Photograph by Britt Leckman; Courtesy Liberty Street Films

Alan Greenspan, former Chairman of the Federal Reserve, in a scene from the documentary Money For Nothing: Inside The Federal Reserve

I just interviewed Jim Bruce, the writer and director of Money for Nothing, a harshly critical documentary on the Federal Reserve that premieres in New York and Washington today. Judging from the early screening I got, it’s safe to say that Alan Greenspan and Ben Bernanke won’t be lining up outside the E Street Cinema to get the best seats in the house. The Fed comes across as a serial bubble-blower that helps Wall Street at the expense of Main Street. It’s a familiar but expertly made accusation that features interviews with a couple of dozen VIPs—including Fed Vice Chair Janet Yellen, who may become chairman next year.

Money for Nothing uses all the tricks of financial crisis documentaries: Ominous music, aerial shots of Manhattan, archival clips of a frothing Jim Cramer, and a voice-of-God narrator—in this case, the ultrasmooth Liev Schreiber. In fact (shameless plug alert), it looks superficially a bit like Bloomberg Businessweek’s own movie, HANK: Five Years from the Brink, which is available on Netflix starting Sept. 16.

Inevitably, Money for Nothing will get sucked into the debate over whether the Fed should announce on Sept. 18 that it’s going to start tapering its $85 billion-a-month purchases of Treasury bonds and mortgage-backed securities. I asked Bruce what he had to say about that. (Everyone else has weighed in—why not a filmmaker?) Yes, he said, the Fed should start backing down from quantitative easing. “The Fed sort of promised things they shouldn’t have,” he said. “They’ve set themselves up for a fall. It’ll be painful, but to me, I think, the sooner the better.”

I asked Bruce if he supports shutting down the Federal Reserve on the eve of its 100th birthday and going back to the gold standard. After all, a clip of a Ron Paul rally appears toward the end, and Jim Grant, a writer who favors the gold standard, has some of the movie’s best zingers. “It’s definitely not an end-the-Fed movie,” Bruce said. “What Ron Paul represents is lack of trust in the Fed. We’re trying to walk a very fine line in the film. There’s some decent part of the population that agrees with Ron Paul. We sort of had to have his voice in there. To me, it’s a cautionary message for the Fed: ‘If we keep reaching to do these things that we really can’t do, we’re going to lose people’s trust.’”

One reason the Fed is taking such extreme measures is to offset tight fiscal policy by Congress. The shrinkage of the federal budget deficit, while essential in the long run, is subtracting from the economy’s current growth rate. That point isn’t made in the film. I asked Bruce about it. “I definitely agree with Ben Bernanke and sympathize with him when he says Congress isn’t doing its part. My take is that congressional spending is extremely poorly targeted and Congress could do so much more.” Bruce just doesn’t think quantitative easing is the right response.

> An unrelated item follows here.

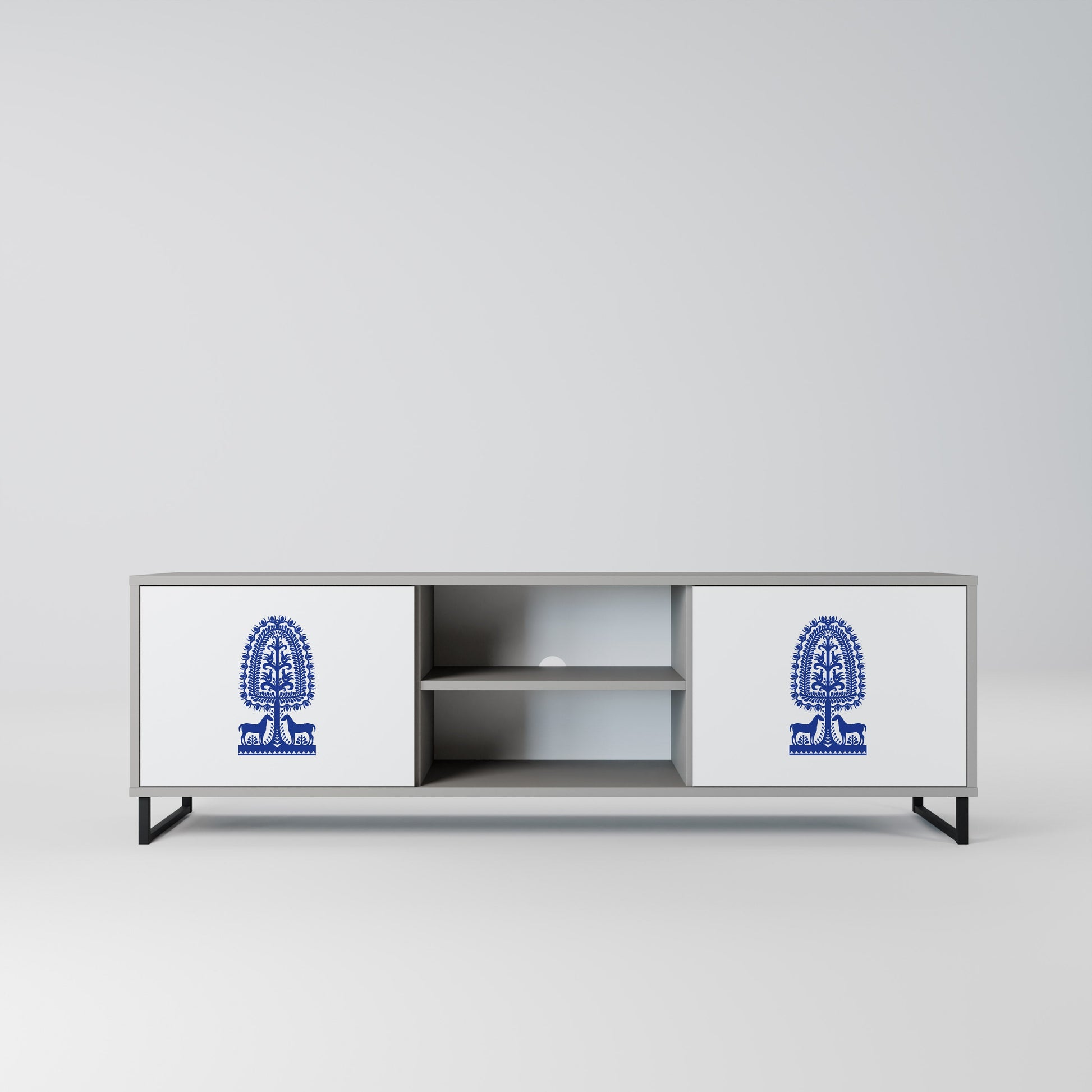 The grey body lends the TV stand a contemporary, refined look, while the fronts with an exceptional print capture attention, becoming the focal point of any room. The spacious interior provides room for electronic devices, cables, remotes, and other accessories, helping you maintain order and organization.
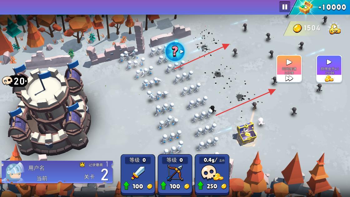 2、消耗金币“升级兵种”(剑、弓、骷髅),提升战力,应对关卡敌人(黑色火柴人)。

The movie creates an impression of more unanimity than actually exists among the experts who appear on camera. Alan Blinder, a former Fed vice chairman, and Janet Yellen, who has that job now, come across as part of the crew that’s critical of the Fed even though both support the central bank’s current easy-money policies. Why? I asked. Part of it is the need for a simple, clear message, Bruce responded. “There’s all these different voices, and you can’t sync all their viewpoints,” he said. He said he thinks Yellen does agree with the movie’s warnings against letting bubbles get too big, although he admits she probably has a different idea of how big a bubble is too big.

My last question to Bruce was about why few defenders of current Fed policy appear in the film. He said Paul Krugman—who has his own beefs with the Fed—had agreed to appear, but “we couldn’t get the scheduling to work. He would have been an interesting voice in the work, absolutely.” Eric Rosengren, the president of the Federal Reserve Bank of Boston, was interviewed but was left on the cutting-room floor. Two reasons for that, Bruce said. First, “the subject matter is so complicated that you almost need for people not to be totally confused. People would just be left scratching their heads” if they had to wade through disagreements among interviewees. Second, he said, Rosengren’s views “were so similar to Bernanke’s that I felt like it was almost redundant.”

Bruce gets the last word: “People hear the conventional wisdom coming from the chairman and very little else. I felt like, to my mind, conventional wisdom really failed. I’m making this film because I feel like conventional wisdom is going to fail us again.”